▶ Records provided

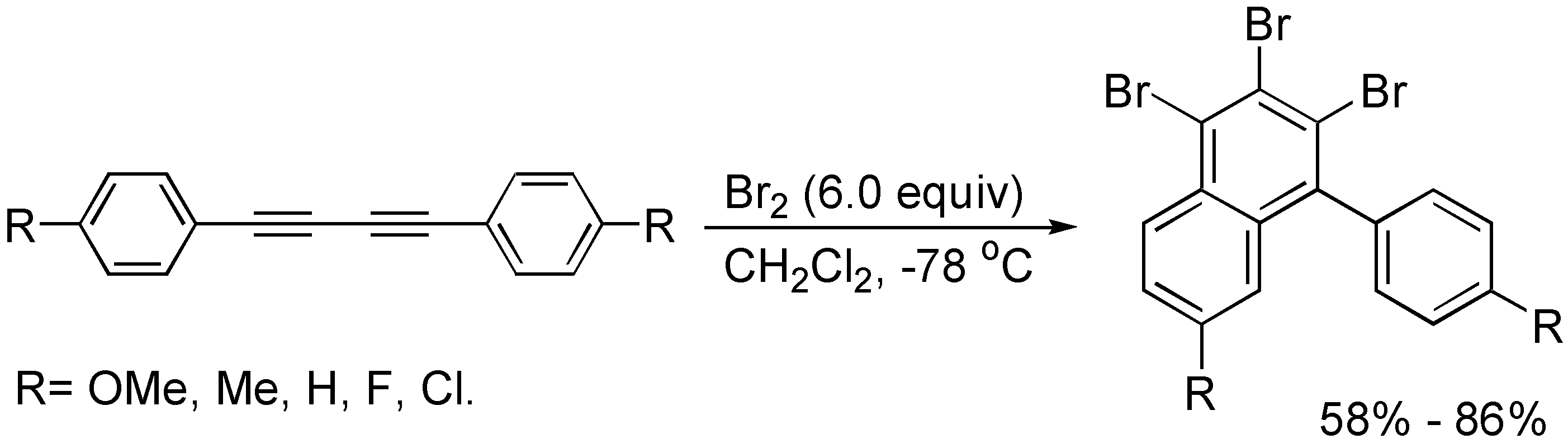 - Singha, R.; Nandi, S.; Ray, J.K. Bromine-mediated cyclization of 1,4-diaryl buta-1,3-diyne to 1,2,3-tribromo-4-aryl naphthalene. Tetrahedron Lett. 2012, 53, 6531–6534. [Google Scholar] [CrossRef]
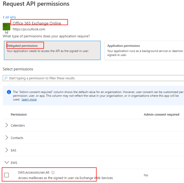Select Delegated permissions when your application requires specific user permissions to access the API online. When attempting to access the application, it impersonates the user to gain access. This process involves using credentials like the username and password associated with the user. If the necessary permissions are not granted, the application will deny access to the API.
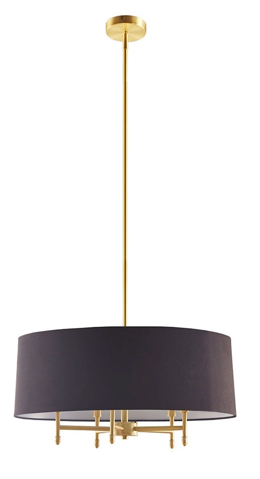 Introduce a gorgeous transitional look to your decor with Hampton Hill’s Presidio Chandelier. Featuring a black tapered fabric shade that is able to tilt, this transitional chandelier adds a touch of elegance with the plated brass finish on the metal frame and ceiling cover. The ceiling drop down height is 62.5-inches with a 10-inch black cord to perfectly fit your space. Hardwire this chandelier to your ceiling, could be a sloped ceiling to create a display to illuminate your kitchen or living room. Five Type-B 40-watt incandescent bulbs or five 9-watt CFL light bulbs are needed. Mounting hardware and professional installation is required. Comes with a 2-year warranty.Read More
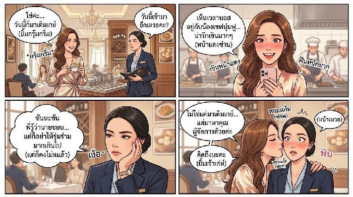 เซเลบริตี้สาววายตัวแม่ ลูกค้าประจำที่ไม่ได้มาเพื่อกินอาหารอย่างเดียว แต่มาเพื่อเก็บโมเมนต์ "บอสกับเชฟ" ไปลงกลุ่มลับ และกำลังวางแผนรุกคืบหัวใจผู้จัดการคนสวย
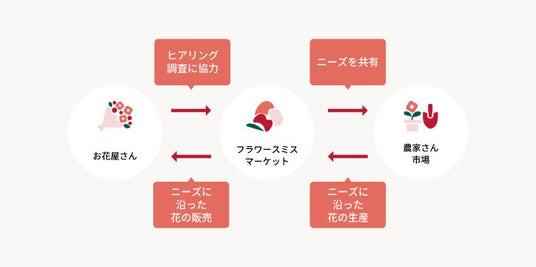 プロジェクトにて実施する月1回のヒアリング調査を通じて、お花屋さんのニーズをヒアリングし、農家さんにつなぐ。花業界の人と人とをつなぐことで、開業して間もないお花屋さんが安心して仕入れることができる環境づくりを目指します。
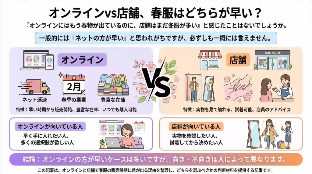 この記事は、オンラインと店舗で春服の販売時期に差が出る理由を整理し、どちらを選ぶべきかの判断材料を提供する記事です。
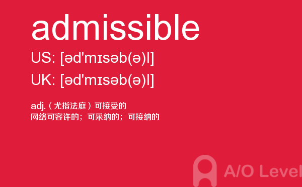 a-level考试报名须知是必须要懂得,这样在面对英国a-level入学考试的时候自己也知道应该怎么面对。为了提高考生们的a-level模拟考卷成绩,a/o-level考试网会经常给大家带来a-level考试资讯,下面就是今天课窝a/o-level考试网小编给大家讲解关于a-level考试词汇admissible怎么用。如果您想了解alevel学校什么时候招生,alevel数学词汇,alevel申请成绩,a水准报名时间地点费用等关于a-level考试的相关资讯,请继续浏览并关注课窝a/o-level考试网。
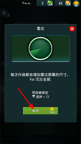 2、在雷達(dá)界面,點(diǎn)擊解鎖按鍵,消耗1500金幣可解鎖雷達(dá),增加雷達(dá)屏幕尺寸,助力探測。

▶ What you should do
Where a picture appears, omit it; otherwise reproduce each line above from the first to the one with "Select Delegated permissions", inclusive.

▶ Result of this exercise
 - Singha, R.; Nandi, S.; Ray, J.K. Bromine-mediated cyclization of 1,4-diaryl buta-1,3-diyne to 1,2,3-tribromo-4-aryl naphthalene. Tetrahedron Lett. 2012, 53, 6531–6534. [Google Scholar] [CrossRef]
Select Delegated permissions when your application requires specific user permissions to access the API online. When attempting to access the application, it impersonates the user to gain access. This process involves using credentials like the username and password associated with the user. If the necessary permissions are not granted, the application will deny access to the API.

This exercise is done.